For the 12‐channel data, a high‐resolution 5‐echo multiecho MPRAGE T1 sequence (TR = 2.53 s, 7° flip angle, NEX = 1, slice thickness = 1 mm, FOV = 256 mm, resolution = 256 × 256) was collected. EPIs were collected using a single‐shot, gradient‐echo echo‐planar pulse sequence (TR = 2,000 ms; TE = 29 ms; flip angle = 75°; FOV = 240 mm; matrix size = 64 × 64). Foam padding and paper tape were used with all participants across 12‐ and 32‐channel coils to prophylactically reduce the likelihood of head motion.
Preprocessing steps for functional data were conducted individually for each run (Figure 1). Anomalous time series data were first identified and replaced based on values from the previous and subsequent image using Analysis of Functional NeuroImages's (AFNI) despiking protocol (Cox, 1996). All timeseries data were then temporally interpolated to the first slice to account for differences in slice acquisition. Data were then spatially registered in two‐ (2dImReg) and three‐dimensional (3dvolreg) space using AFNI software programs to the SBREF image to reduce the effects of head motion.
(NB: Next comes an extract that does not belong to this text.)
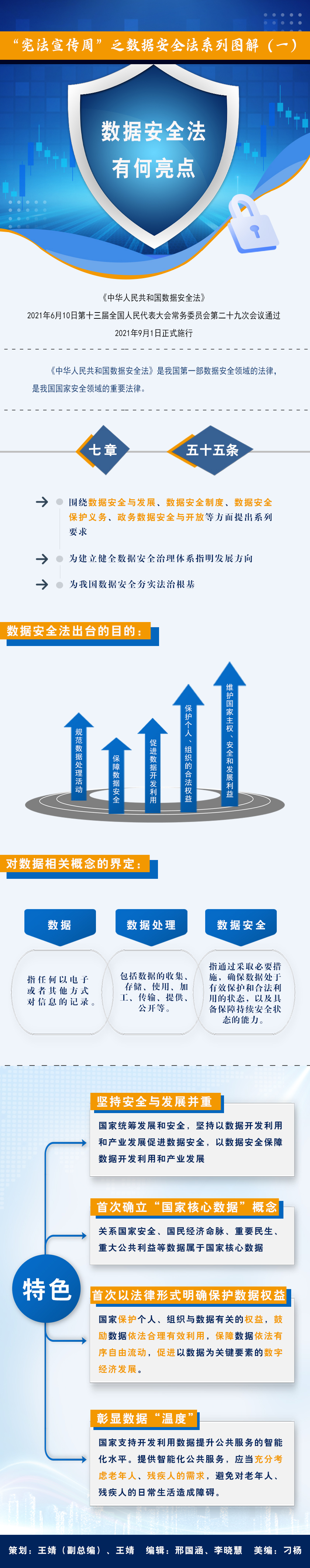 值此第四個“憲法宣傳周”之際,法制網(wǎng)將為您解讀今年9月1日起施行的《中華人民共和國數(shù)據(jù)安全法》——這部法律的亮點是什么?它是如何支持促進數(shù)據(jù)安全與發(fā)展的?它又彰顯了哪些數(shù)據(jù)“溫度”?這一系列問題,都會在法制網(wǎng)《數(shù)據(jù)安全法圖解(系列)》中找到答案。

The initial six motion regressors (three rotational and three translational) were directly estimated from the rigid registration of each image to SBREF followed by computation of derivatives and squares. Susceptibility‐induced field distortion was subsequently estimated and corrected using FMRIB Software Library (FSL) Topup (Andersson, Skare, & Ashburner, 2003; Smith et al., 2004). The next set of preprocessing steps varied based on the different denoising protocols described in detail below (Figure 1).
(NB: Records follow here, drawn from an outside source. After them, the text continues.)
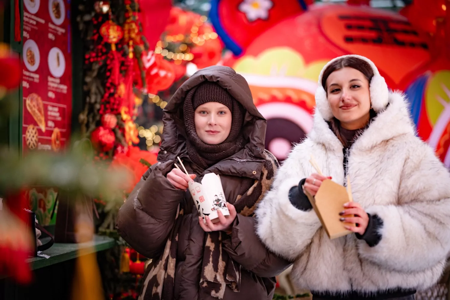 Гастрономическая часть фестиваля представлена уличными шале с аутентичными блюдами: лапшой Ло Мейн с разными начинками, тахян, жареными пельменями цзяоцзы, калачами с уткой по-пекински, баоцзы, мантоу. На десерт — жареное молоко и карамелизированные фрукты тан хулу.
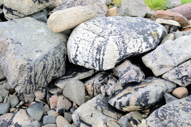 Stones dripped with tar can be seen on the shore. A relic from when boats were maintained here. Read the Rackwick Survey here.
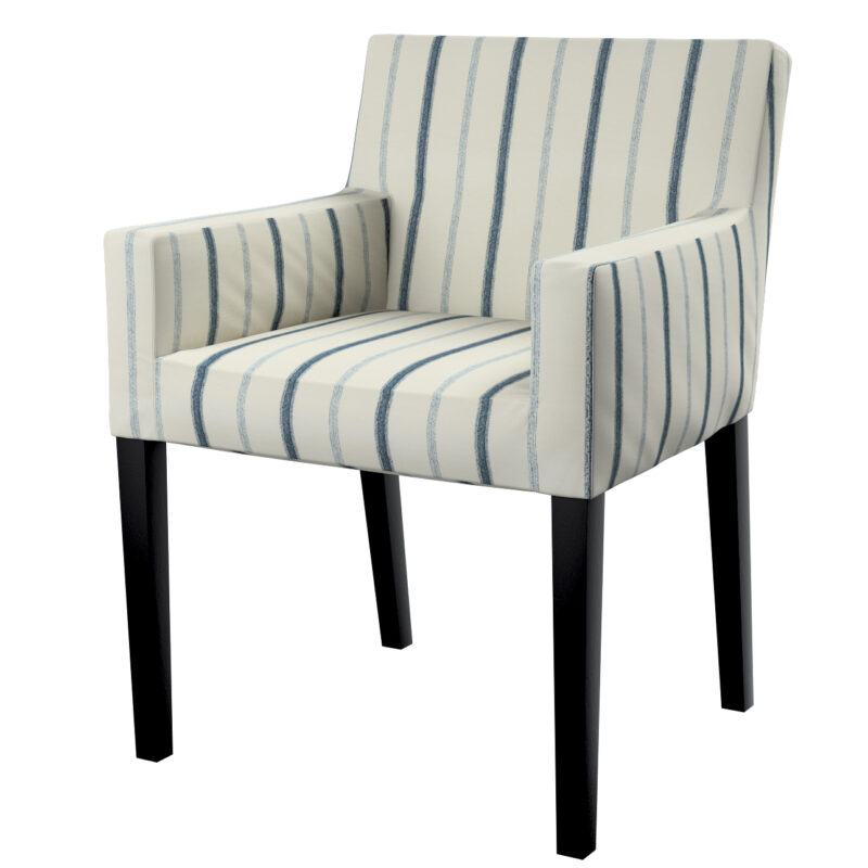 Návlek na stoličku s opierkami Nils, svetlo a tmavomodrý pásik na svetlobéžovom podklade, návlek na stoličku Nils s opierkami, Avinon, 129-66

After each individual denoising pipeline, each run of task data was then concatenated, converted to standard stereotaxic coordinate space (Talairach & Tournoux, 1988) using a nonlinear algorithm (AFNI 3dQwarp; template = TT_N27) and spatially blurred using a 6‐mm Gaussian full‐width at half‐maximum filter.
2.4. FIX denoising
Individual runs of preprocessed AX‐CPT and MMAT data were prepared for FSL FIX according to the FSL documentation (Griffanti et al., 2014; Salimi‐Khorshidi et al., 2014) to prevent signal intensity shifts between runs affecting the time series. Data were high‐pass filtered (cutoff period: 100.0 s) prior to running MELODIC. Following MELODIC, the resulting components (ICAall) from 20 individuals (i.e., a single run from the AX‐CPT task) were manually classified as noise (ICAnoi) or signal (ICAsig) by two independent raters based on previously described criteria (Salimi‐Khorshidi et al., 2014). Any discrepancies between the two raters were resolved by a third party, with the final results subsequently used to train the classifier.
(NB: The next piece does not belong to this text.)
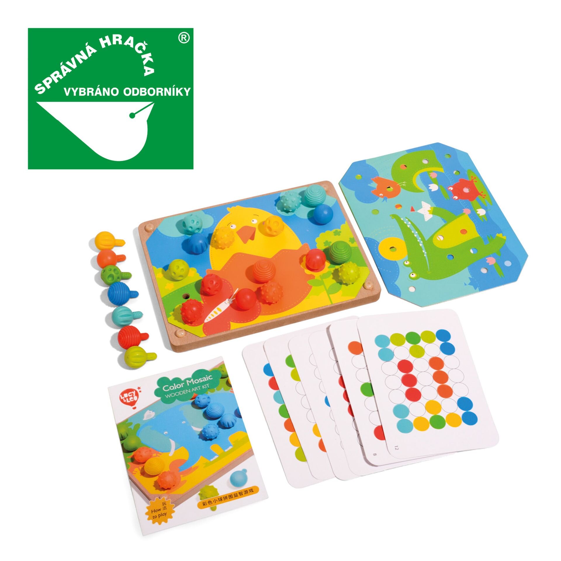 Mozaika a vyšívání je herní set pro děti rozvíjející jemnou motoriku a tvořivé myšlení. Balení obsahuje 35 velkých silikonových kolíčků s odlišně strukturovaným povrchem v 7 barvách. Dále obsahuje 12 barevných obrázků se zvířátky a 6 oboustranných předloh, dřevěný podstavec s otvory na kolíčky a...

A secondary aim of the study was to determine whether classification accuracy depended on experimental design (erfMRI vs. bdfMRI vs. rsfMRI) or whether classifiers generalized across designs. A completely independent set of 20 AX‐CPT, 21 MMAT, and 20 resting state runs were therefore manually classified using the same methodology as a “gold standard” from which to determine classification accuracy for each task. The classification probability output of FIX requires a threshold to provide a binary classification into noise or signal. To determine an appropriate threshold, our training set was evaluated with the FIX leave‐one‐out accuracy testing which charts the true positive rate (TPR) and true negative rate (TNR) at several thresholds. A threshold of 20% for classifying noise components was selected as the best balance of TPR and TNR using previously described methodology (Griffanti et al., 2014).
Following classification, motion regressors in the FIX pipeline were high‐pass filtered to match the imaging data. MPs were then mean‐centered and variance normalized. Next, each run of the task data was denoised with the FIX “soft‐clean” method, a three‐step method to remove the variance unique to the noise components while attempting to avoid the removal of variance that may be shared with signal components (Griffanti et al., 2014). The first step of the soft‐clean method regresses out 24 different MPs corresponding to the six rigid body adjustments, their derivatives, and their squares (C mot) from the task data (Y all). Importantly, the constant term (β0) is eliminated from the model to maintain scale (Y res = Y all − C mot). Similarly, MPs were also regressed against each individual component, again excluding β0 from the model (ICAres = ICAall − C mot). To estimate the contribution of all components, the residualized task data was modeled against the residualized component time series to acquire beta weights (Yres = β0 + βICAres). Finally, the sums of the weighted noise components were subtracted from the residualized task data to remove the unique contribution of the artifact components and derive the final denoised data (Yclean = Yres − ∑ βICAnoi).
2.5. AROMA denoising
To make ICA denoising pipelines comparable, preprocessed AX‐CPT and MMAT individual run data were denoised with the procedure recommended in the AROMA manual (nonaggressive option) using the MELODIC data from the first step of the FIX processing. This therefore included high‐pass filtering of the data. The AROMA denoising procedure automates the selection of motion‐related artifacts by assessing four features of each component: high‐frequency content, correlation to the MPs, edge fraction, and cerebrospinal fluid (CSF) fraction (Pruim et al., 2015). A component exceeding either a CSF fraction >10%, a high‐frequency content >35%, or a combined maximum MP correlation/edge fraction threshold was subsequently classified as a noise artifact by the AROMA algorithm. Noise component time series were subsequently filtered from the data using FSL fsl_regfilt based on the following algorithm (Ydenoised = Y − Xnβn).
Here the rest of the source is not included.